ACTIVITY — Every entry should be reproduced precisely, with each picture left out.
(Beginning of SOURCE MATERIAL)
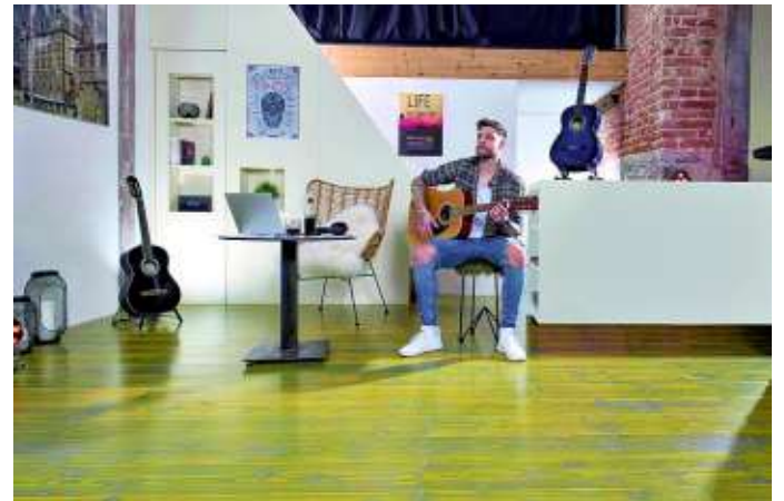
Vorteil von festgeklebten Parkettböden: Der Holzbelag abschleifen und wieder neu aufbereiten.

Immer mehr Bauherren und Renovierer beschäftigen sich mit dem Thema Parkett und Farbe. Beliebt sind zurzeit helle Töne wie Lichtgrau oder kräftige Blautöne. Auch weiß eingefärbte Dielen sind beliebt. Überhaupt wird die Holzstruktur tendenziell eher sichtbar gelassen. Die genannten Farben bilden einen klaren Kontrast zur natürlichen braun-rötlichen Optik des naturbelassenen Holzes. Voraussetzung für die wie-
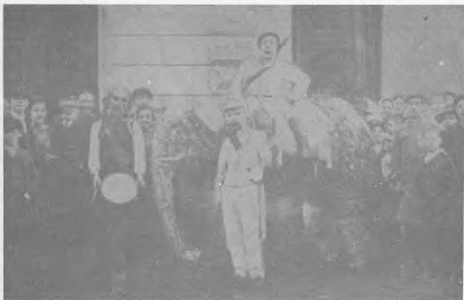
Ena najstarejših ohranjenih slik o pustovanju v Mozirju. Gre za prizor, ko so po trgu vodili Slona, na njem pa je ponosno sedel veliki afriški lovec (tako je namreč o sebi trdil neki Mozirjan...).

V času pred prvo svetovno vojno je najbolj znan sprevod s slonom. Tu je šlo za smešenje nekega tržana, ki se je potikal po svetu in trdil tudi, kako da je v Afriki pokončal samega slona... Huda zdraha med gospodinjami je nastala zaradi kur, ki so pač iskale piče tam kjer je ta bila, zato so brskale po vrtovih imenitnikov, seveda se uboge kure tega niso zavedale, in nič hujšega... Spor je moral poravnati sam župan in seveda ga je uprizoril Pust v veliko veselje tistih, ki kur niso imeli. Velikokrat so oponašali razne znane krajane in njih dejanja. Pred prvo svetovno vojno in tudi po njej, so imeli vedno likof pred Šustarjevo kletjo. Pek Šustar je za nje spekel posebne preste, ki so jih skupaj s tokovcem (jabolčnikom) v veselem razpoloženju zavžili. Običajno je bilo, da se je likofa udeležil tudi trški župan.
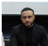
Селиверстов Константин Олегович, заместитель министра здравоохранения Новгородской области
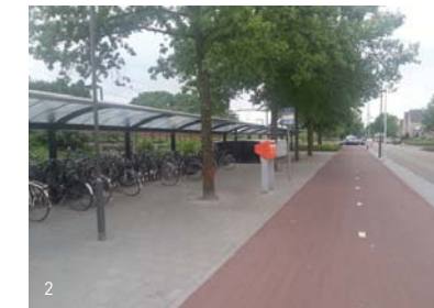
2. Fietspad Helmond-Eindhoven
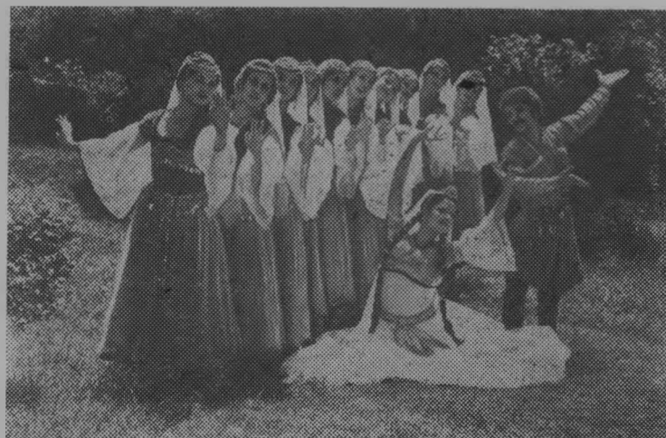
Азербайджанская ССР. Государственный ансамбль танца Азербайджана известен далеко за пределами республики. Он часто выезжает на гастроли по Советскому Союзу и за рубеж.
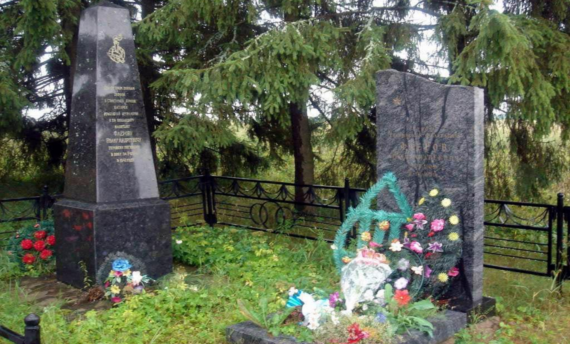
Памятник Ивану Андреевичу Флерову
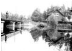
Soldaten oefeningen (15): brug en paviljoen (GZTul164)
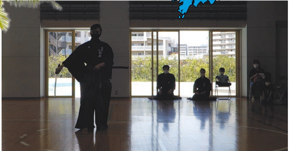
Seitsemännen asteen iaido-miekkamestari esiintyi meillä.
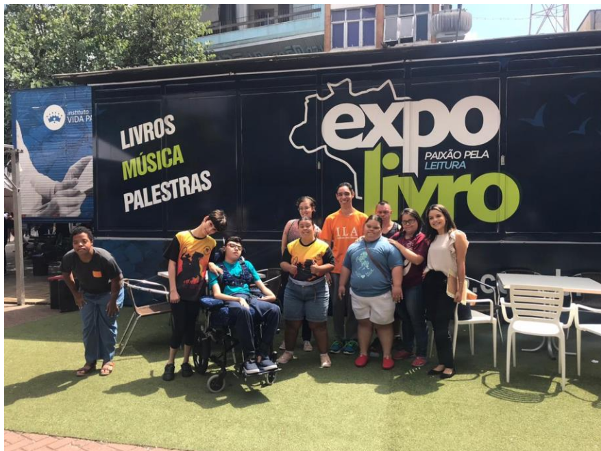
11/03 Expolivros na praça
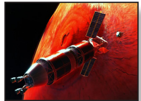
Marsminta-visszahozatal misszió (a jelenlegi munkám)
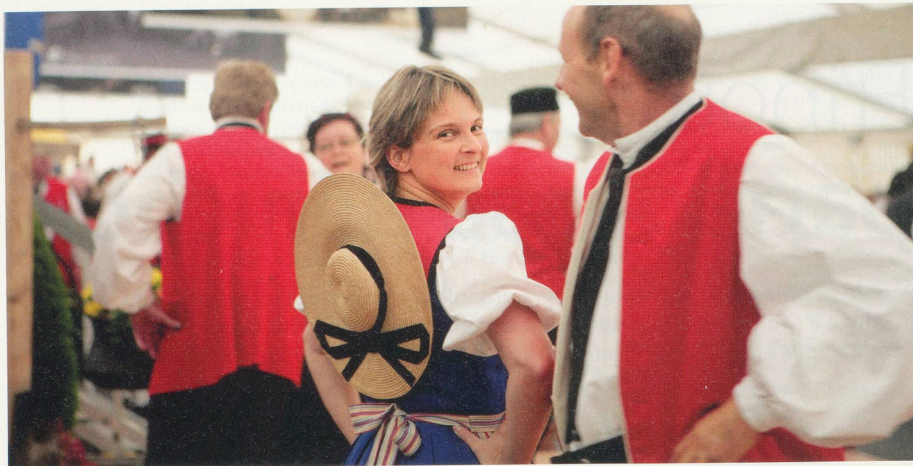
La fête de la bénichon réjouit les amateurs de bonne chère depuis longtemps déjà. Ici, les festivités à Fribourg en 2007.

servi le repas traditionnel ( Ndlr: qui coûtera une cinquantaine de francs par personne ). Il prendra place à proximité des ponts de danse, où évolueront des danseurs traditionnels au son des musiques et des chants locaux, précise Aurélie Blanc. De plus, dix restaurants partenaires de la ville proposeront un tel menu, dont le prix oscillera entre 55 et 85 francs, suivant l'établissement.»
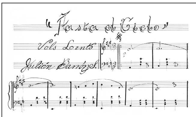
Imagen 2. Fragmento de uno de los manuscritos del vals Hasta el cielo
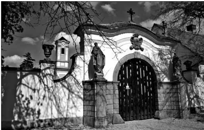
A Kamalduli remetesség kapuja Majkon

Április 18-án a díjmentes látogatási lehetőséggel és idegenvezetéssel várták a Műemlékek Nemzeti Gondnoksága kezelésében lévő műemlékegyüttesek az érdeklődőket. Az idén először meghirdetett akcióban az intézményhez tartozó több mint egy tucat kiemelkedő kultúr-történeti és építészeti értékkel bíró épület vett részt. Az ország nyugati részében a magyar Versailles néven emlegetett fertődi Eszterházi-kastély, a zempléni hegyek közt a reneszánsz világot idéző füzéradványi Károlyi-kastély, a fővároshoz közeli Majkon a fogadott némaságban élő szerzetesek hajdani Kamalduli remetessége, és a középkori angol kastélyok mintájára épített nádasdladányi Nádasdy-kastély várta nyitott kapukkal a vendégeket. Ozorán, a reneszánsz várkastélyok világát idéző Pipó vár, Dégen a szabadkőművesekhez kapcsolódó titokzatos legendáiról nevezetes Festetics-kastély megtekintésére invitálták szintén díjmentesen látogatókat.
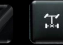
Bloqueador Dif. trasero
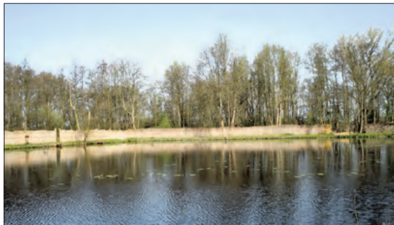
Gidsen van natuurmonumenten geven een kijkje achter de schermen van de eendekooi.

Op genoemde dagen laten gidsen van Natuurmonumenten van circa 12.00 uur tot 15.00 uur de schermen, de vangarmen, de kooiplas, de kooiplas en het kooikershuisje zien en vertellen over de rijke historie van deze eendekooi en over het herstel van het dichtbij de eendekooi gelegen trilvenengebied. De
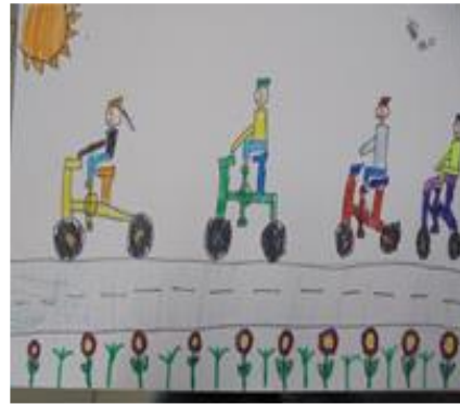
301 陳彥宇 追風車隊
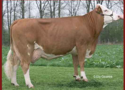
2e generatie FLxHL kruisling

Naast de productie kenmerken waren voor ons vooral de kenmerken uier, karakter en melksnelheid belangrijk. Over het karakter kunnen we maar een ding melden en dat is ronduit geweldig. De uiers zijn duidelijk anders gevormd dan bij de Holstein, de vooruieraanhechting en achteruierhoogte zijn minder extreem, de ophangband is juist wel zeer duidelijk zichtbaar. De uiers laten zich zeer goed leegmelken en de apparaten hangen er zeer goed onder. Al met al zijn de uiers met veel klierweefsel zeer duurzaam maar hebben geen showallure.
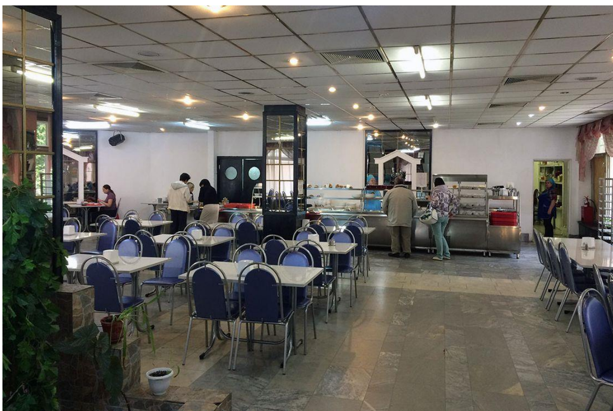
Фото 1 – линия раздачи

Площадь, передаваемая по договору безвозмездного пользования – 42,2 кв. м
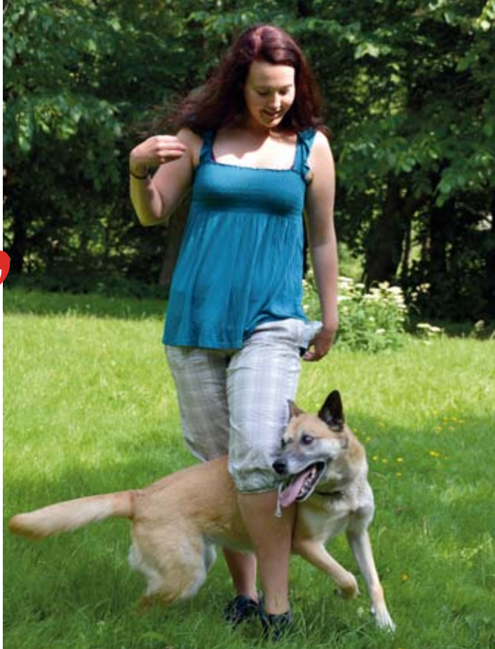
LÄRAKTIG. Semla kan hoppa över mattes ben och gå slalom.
(End of SOURCE MATERIAL)
RESULT OF THIS TASK —
Vorteil von festgeklebten Parkettböden: Der Holzbelag abschleifen und wieder neu aufbereiten.

Immer mehr Bauherren und Renovierer beschäftigen sich mit dem Thema Parkett und Farbe. Beliebt sind zurzeit helle Töne wie Lichtgrau oder kräftige Blautöne. Auch weiß eingefärbte Dielen sind beliebt. Überhaupt wird die Holzstruktur tendenziell eher sichtbar gelassen. Die genannten Farben bilden einen klaren Kontrast zur natürlichen braun-rötlichen Optik des naturbelassenen Holzes. Voraussetzung für die wie-
Ena najstarejših ohranjenih slik o pustovanju v Mozirju. Gre za prizor, ko so po trgu vodili Slona, na njem pa je ponosno sedel veliki afriški lovec (tako je namreč o sebi trdil neki Mozirjan...).

V času pred prvo svetovno vojno je najbolj znan sprevod s slonom. Tu je šlo za smešenje nekega tržana, ki se je potikal po svetu in trdil tudi, kako da je v Afriki pokončal samega slona... Huda zdraha med gospodinjami je nastala zaradi kur, ki so pač iskale piče tam kjer je ta bila, zato so brskale po vrtovih imenitnikov, seveda se uboge kure tega niso zavedale, in nič hujšega... Spor je moral poravnati sam župan in seveda ga je uprizoril Pust v veliko veselje tistih, ki kur niso imeli. Velikokrat so oponašali razne znane krajane in njih dejanja. Pred prvo svetovno vojno in tudi po njej, so imeli vedno likof pred Šustarjevo kletjo. Pek Šustar je za nje spekel posebne preste, ki so jih skupaj s tokovcem (jabolčnikom) v veselem razpoloženju zavžili. Običajno je bilo, da se je likofa udeležil tudi trški župan.
Селиверстов Константин Олегович, заместитель министра здравоохранения Новгородской области
2. Fietspad Helmond-Eindhoven
Азербайджанская ССР. Государственный ансамбль танца Азербайджана известен далеко за пределами республики. Он часто выезжает на гастроли по Советскому Союзу и за рубеж.
Памятник Ивану Андреевичу Флерову
Soldaten oefeningen (15): brug en paviljoen (GZTul164)
Seitsemännen asteen iaido-miekkamestari esiintyi meillä.
11/03 Expolivros na praça
Marsminta-visszahozatal misszió (a jelenlegi munkám)
La fête de la bénichon réjouit les amateurs de bonne chère depuis longtemps déjà. Ici, les festivités à Fribourg en 2007.

servi le repas traditionnel ( Ndlr: qui coûtera une cinquantaine de francs par personne ). Il prendra place à proximité des ponts de danse, où évolueront des danseurs traditionnels au son des musiques et des chants locaux, précise Aurélie Blanc. De plus, dix restaurants partenaires de la ville proposeront un tel menu, dont le prix oscillera entre 55 et 85 francs, suivant l'établissement.»
Imagen 2. Fragmento de uno de los manuscritos del vals Hasta el cielo
A Kamalduli remetesség kapuja Majkon

Április 18-án a díjmentes látogatási lehetőséggel és idegenvezetéssel várták a Műemlékek Nemzeti Gondnoksága kezelésében lévő műemlékegyüttesek az érdeklődőket. Az idén először meghirdetett akcióban az intézményhez tartozó több mint egy tucat kiemelkedő kultúr-történeti és építészeti értékkel bíró épület vett részt. Az ország nyugati részében a magyar Versailles néven emlegetett fertődi Eszterházi-kastély, a zempléni hegyek közt a reneszánsz világot idéző füzéradványi Károlyi-kastély, a fővároshoz közeli Majkon a fogadott némaságban élő szerzetesek hajdani Kamalduli remetessége, és a középkori angol kastélyok mintájára épített nádasdladányi Nádasdy-kastély várta nyitott kapukkal a vendégeket. Ozorán, a reneszánsz várkastélyok világát idéző Pipó vár, Dégen a szabadkőművesekhez kapcsolódó titokzatos legendáiról nevezetes Festetics-kastély megtekintésére invitálták szintén díjmentesen látogatókat.
Bloqueador Dif. trasero
Gidsen van natuurmonumenten geven een kijkje achter de schermen van de eendekooi.

Op genoemde dagen laten gidsen van Natuurmonumenten van circa 12.00 uur tot 15.00 uur de schermen, de vangarmen, de kooiplas, de kooiplas en het kooikershuisje zien en vertellen over de rijke historie van deze eendekooi en over het herstel van het dichtbij de eendekooi gelegen trilvenengebied. De
301 陳彥宇 追風車隊
2e generatie FLxHL kruisling

Naast de productie kenmerken waren voor ons vooral de kenmerken uier, karakter en melksnelheid belangrijk. Over het karakter kunnen we maar een ding melden en dat is ronduit geweldig. De uiers zijn duidelijk anders gevormd dan bij de Holstein, de vooruieraanhechting en achteruierhoogte zijn minder extreem, de ophangband is juist wel zeer duidelijk zichtbaar. De uiers laten zich zeer goed leegmelken en de apparaten hangen er zeer goed onder. Al met al zijn de uiers met veel klierweefsel zeer duurzaam maar hebben geen showallure.
Фото 1 – линия раздачи

Площадь, передаваемая по договору безвозмездного пользования – 42,2 кв. м
LÄRAKTIG. Semla kan hoppa över mattes ben och gå slalom.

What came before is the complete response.